Гор сказал, что Н. Я. не сердился, когда ему мешали. Он познакомился с ним в конце 20‐х годов в школе Пролеткульта. Т. Манн и Достоевский ему были не так интересны, как Пушкин и Чехов. Первые себя раскрывали сами, вторых ему нужно было раскрыть.

8.6.76. Вывез маму в Комарово. Были у Гора – славные, добрые и любимые мной старики.

Гор опять хочет написать о рисунках северян… Заговорили о живописи, и Гор сказал, что ему очень дешево предлагали Гончарову[259], но он не взял.

– Ну и хорошо, что не взял. Ты бы всю жизнь страдал, что кому-то недоплатил. И меня бы издергал.
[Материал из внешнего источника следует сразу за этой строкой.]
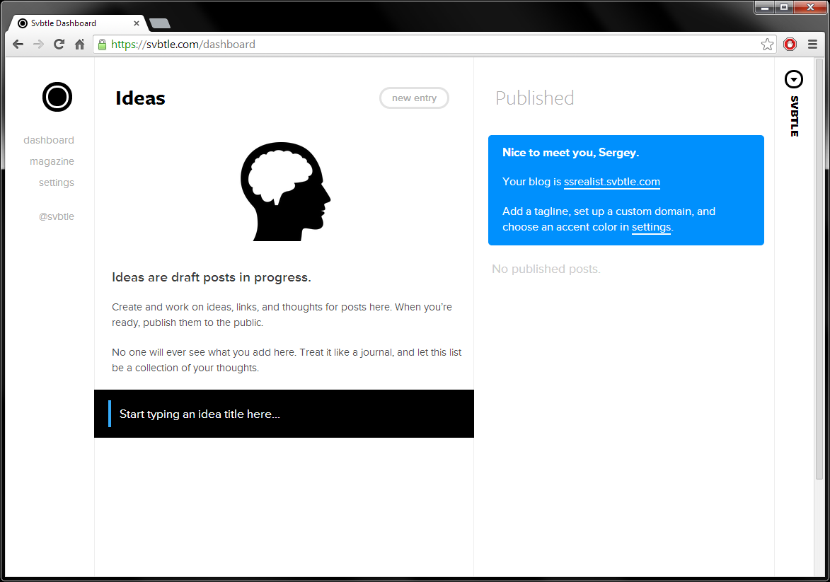 Рубрика «Как сделать сайт» от Лайфхакера продолжается. Всевозможных площадок и инструментов для размещения личного или корпоративного блога существует великое множество. Хочешь — ставь WordPress на хост, покупай домен и делай там всё, что пожелает душа. Не хочешь — обходись готовым бесплатным инструментом. Сегодня мы расскажем о самой простой и минималистичной, из знакомых нам, площадке для размещения блога под названием Svbtle.
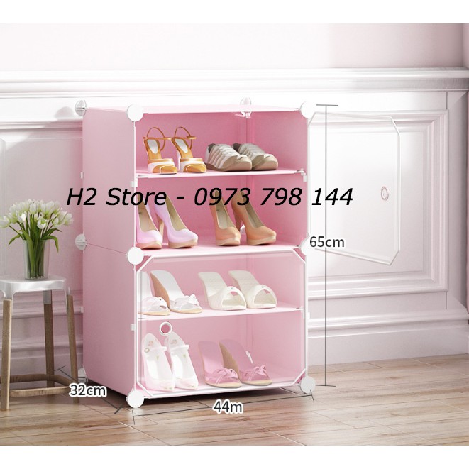 Giới thiệu TỔNG KHO TỦ NHỰA LẮP GHÉP ĐỂ GIÀY 4 Ô (chia ô) HỒNG NHẠT CỬA TRẮNG TRONG

Наталья Акимовна очень его понимает.

20.9.76. Болеет Гор… Недавно я был у него – угнетен, согнулся, чувствовалась какая-то обреченность. И вдруг впал в глубокую депрессию. Не хочет никого видеть, мысли о смерти, принял 21 таблетку антидиабетического средства – попытка самоубийства – и тут же испугался за жизнь, с жадностью стал пить марганцовку, дал себя промыть скорой.

Все время молчит. И только иногда – Наталье Акимовне:

– Ты у меня святая.

Или:

– Давай покончим самоубийством вместе.

А она, зная, что он ее послушается, сказала:

– Через три месяца, если тебе не полегчает.

Иногда ему кажется, что о его сумасшествии известно всем. «По Би-би-си» передавали и «Теперь исключат из Союза», «И Марине, и детям[260] – всем будет плохо».

С ним неотступно все. Юра[261] суров, требователен, а Н. А. ласкова, ждет, когда он поглядит ей в глаза. Какой это прекрасный человек! Какая в ней доброта! Она мать для него, он ей сын больше детей.

…Сегодня Гору чуть лучше. За сутки задал несколько вопросов: «Где Катька?», «Чернослив в столе?» и что-то еще.

25.9.76. Гор немного лучше.

2.10.76. Болеет Гор. То тревожится, что нет сахара в крови, то боится, что умрет с голоду. Рухнула личность. Психиатры считают, что чем острее, тем лучше. Вялое течение бесконечно и неперспективно.

У него остро. Сегодня Лида[262] говорила о больнице, Нат. Аким. не подготовлена к этому, хочет, чтобы он был дома.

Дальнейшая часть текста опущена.